## [Problem to solve]
Below, locate the line that contains "Бежевый цвет универсальный, подходит". Repeat exactly from that line to the line that contains "Benutzen Sie keine", inclusive, leaving out the pictures.

## [Entries provided]
════

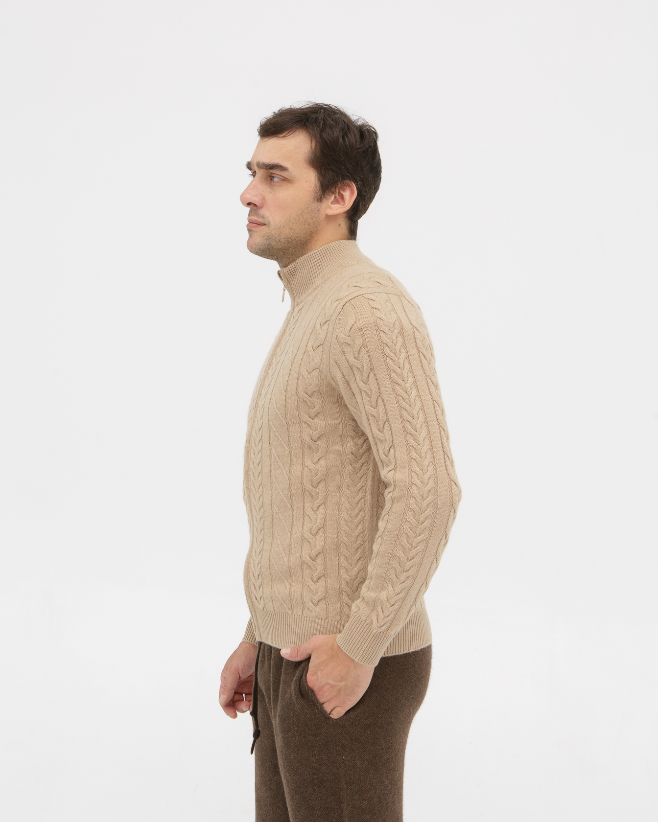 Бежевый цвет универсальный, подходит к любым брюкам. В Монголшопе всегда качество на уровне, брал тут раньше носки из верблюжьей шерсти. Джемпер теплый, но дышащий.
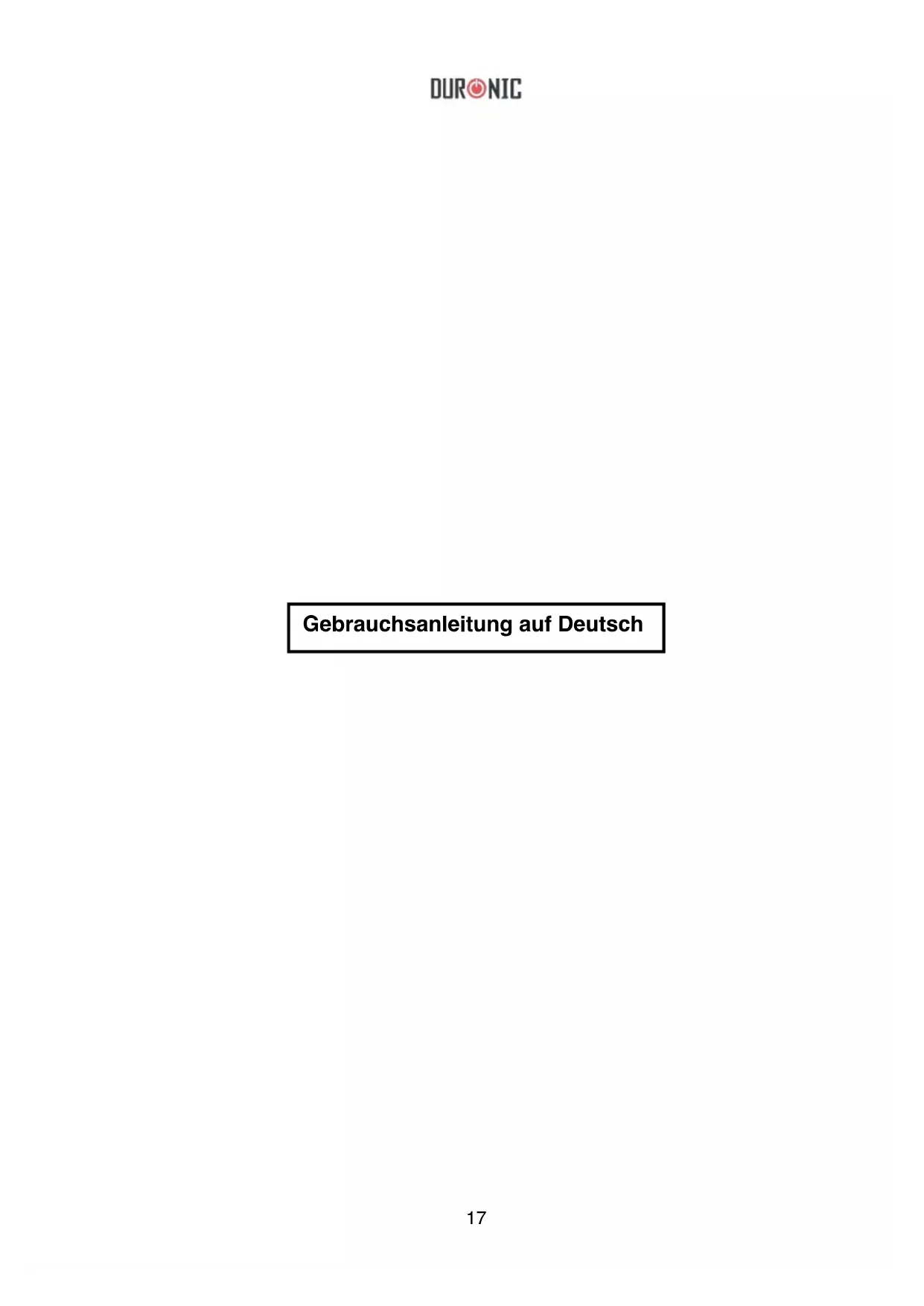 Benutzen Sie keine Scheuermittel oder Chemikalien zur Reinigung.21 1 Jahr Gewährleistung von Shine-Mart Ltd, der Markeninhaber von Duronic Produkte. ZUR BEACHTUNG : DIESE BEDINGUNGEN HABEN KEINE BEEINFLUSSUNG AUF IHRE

════

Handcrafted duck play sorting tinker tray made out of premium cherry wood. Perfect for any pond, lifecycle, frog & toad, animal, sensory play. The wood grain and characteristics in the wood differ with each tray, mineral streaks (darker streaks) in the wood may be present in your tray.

════

## [Expected output]
 Бежевый цвет универсальный, подходит к любым брюкам. В Монголшопе всегда качество на уровне, брал тут раньше носки из верблюжьей шерсти. Джемпер теплый, но дышащий.
 Benutzen Sie keine Scheuermittel oder Chemikalien zur Reinigung.21 1 Jahr Gewährleistung von Shine-Mart Ltd, der Markeninhaber von Duronic Produkte. ZUR BEACHTUNG : DIESE BEDINGUNGEN HABEN KEINE BEEINFLUSSUNG AUF IHRE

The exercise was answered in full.